Nur die zwei Pfefferfresser auf dem Baum über mir sind schon munter. Ihr schwarzes Gefieder glänzt wie Tau. Die mächtigen Schnäbel blinken grell in den ersten Strahlen der Sonne.
Hundert Schritt vom Rancho beginnt der Urwald.
Hundert Schritt – und die gewohnte Welt hört auf.
Ich breche in die Wand aus Gebüsch und Zweigen ein Tor – und trete ein.
Noch drang der neue Tag nicht in dieses dunkle Reich.
Mein Fuß streift an spitze Kakteen; Dornen ritzen die Hände; Lianen umschlingen den Leib.
Der Busch wehrt sich gegen meinen Besuch. Doch freventlich störe ich die heilige Ruhe und dringe auf einem Wildwechsel vor, der die Tiere zur Tränke führt.
Büchse und Pistole sind meine treuen Begleiter.
Ich kam nicht als Jäger, nahm Waffen nur zur Notwehr; denn Wildschweine hausen in diesen Wäldern, Jaguare, Affen und riesige Schlangen.
Das Leben wird wertvoll, wenn es Gefahren umlauern.
Aber seit ich im Wald bin, spüre ich das Jagdfieber im Blut und ich bin heftig erregt. Mich packt die Lust, meine Kräfte mit den Kreaturen der Welt zu messen, in die ich mich drängte.
Verächtlich blicke ich auf den stählernen Gewehrlauf, der im Düster silbrig schimmert – aber meine Fäuste umschließen den Kolben fester, klammern sich an ihn ...
Einer im Urwald allein, der sich der Überlegenheit menschlichen Verstandes bewußt ist, wird sich nicht fürchten, auch wenn er zittert; sein Zittern ist nur ein Ahnen jener Gefahren, die außerhalb der Reichweite seines Gewehres drohen; Furcht dagegen ist die feige Scheu vor dem erreichbaren Feind.
Ich fürchte mich nicht; aber ich zittere ...
Es ist etwas Wunderbares um solches Erbeben bei morgendlichem Pirschgang im Busch. –
Der Pfad wird breiter; der Wald heller ...
Ich stehe vor einem winzig kleinen See.
Aufgescheuchtes Wild flüchtet nach allen Seiten; der Kopf eines Alligators verschwindet geräuschlos; ein paar Wasservögel flattern schwerfällig auf nahe Äste – von dort blicken sie mich neugierig oder ängstlich an; ein Adler sitzt in vornehmer Ruhe auf seinem hohen Zweig und sieht stolz herab auf alles niedre Getier.

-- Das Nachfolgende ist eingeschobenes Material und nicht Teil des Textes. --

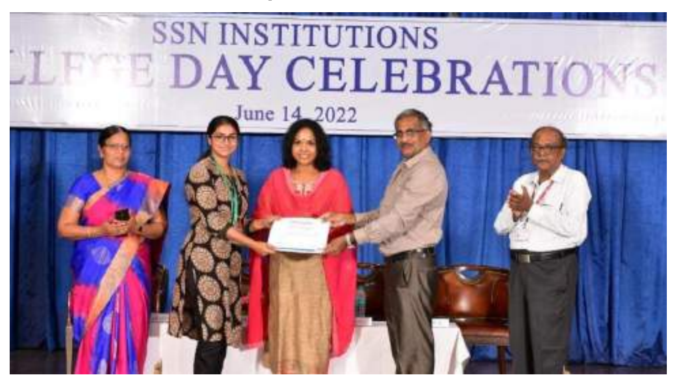
Best Outgoing Student of the BME Department 2022 - Award received during College Day

believing in me! But SSN wasn't just about textbooks and labs. It was about shaping who I am. From leading the Arudhra dance club to volunteering with 3C-Cosmo Comrades Club, I discovered my passion for leadership and making a difference. That's exactly why I spearheaded the SSN Chapter of IEEE EMBS, fostering creativity and knowledge through events and hackathons. Talk about freedom to explore!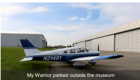
My Warrior parked outside the museum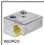
Drylin® W bearing block, Slide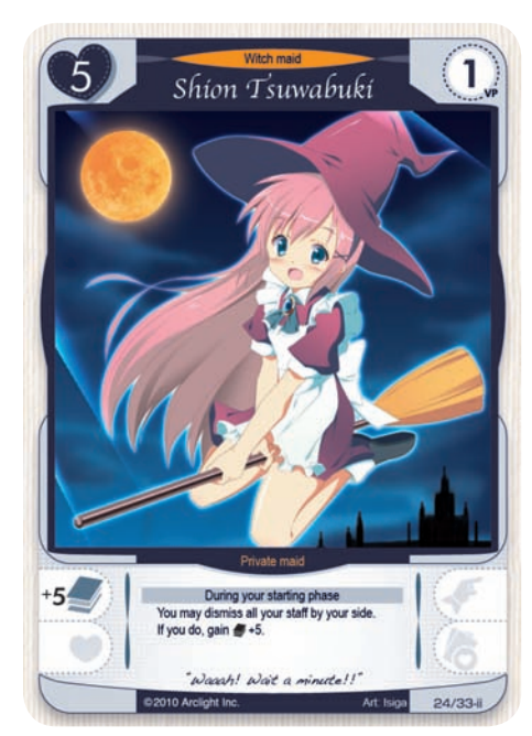
Details: You can't use this ability once you've entered the Serving Phase.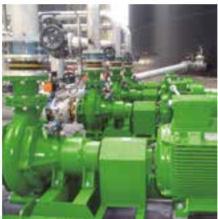
MAGNUM SX Thick matter pump gear and pedestal pump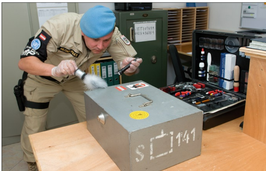
The investigator uses state of the art equipment to find traces

A fter hard month of duty finally you are enjoying your off days on the Mediterranean or Red Sea. Coming out of the refreshing water you are going to take a sunbath at your stretcher and suddenly you recognize that your bag with all your belongings like camera, mobile phone, mp3-player and your wallet with all ID cards, bank cards and your money is gone. Unfortunately, situations like this are hap-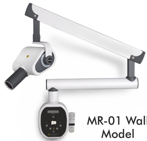
MR-01 Wall Model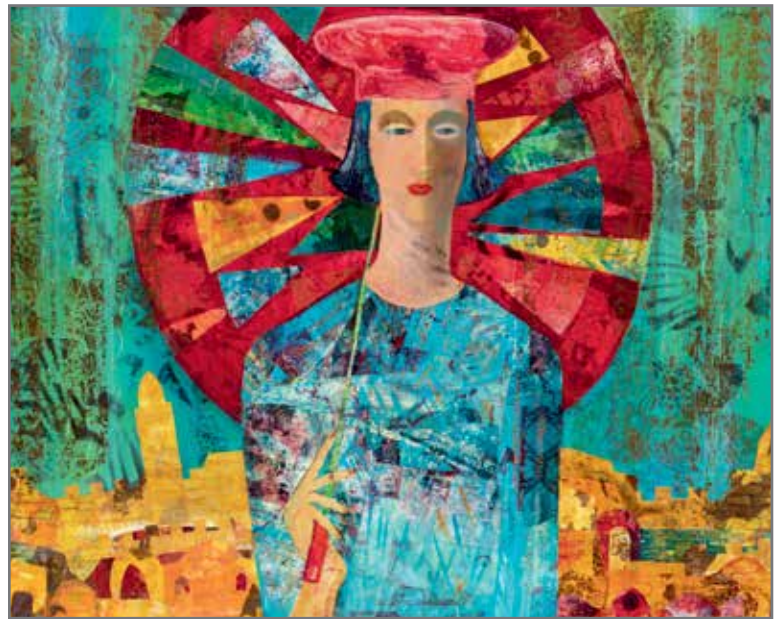
187. ANATOLY BARATYNSKY. Visiting Jerusalem. Oil and mixed media on canvas. 28.7" x 36". Estimate $1,200 - 1,500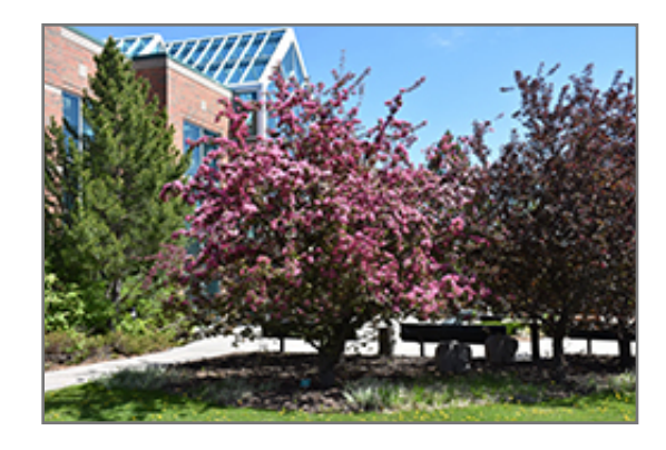
Makamik Flowering Crab in bloom

A fantastic ornamental tree for home landscape use, covered in deep pink flowers in spring and persistent dark red fruit, a large and wide spreading habit of growth, exceptionally hardy; needs well-drained soil and full sun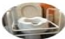
Raised Toilet Seats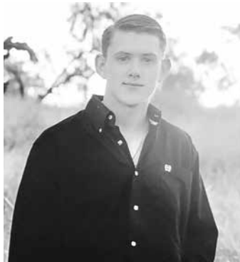
COOPER FORD Rio Grande Valley Livestock Show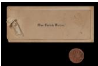
Calling card: Dual calling card for Miss Lavinia Warren and Charles S. Stratton (1981.002.001)

Unbekümmert spielen die Affen, knabbern die Papageien ...
Nah' an mir vorbei wechselt ein Reh.
Drei Aasgeier hocken dicht nebeneinander auf einem gestürzten Baum. Sie strecken ihre häßlichen, kahlen Hälse nach mir.
Totengräber ... Des verendeten Tieres ... des sterbenden Menschen Schicksal.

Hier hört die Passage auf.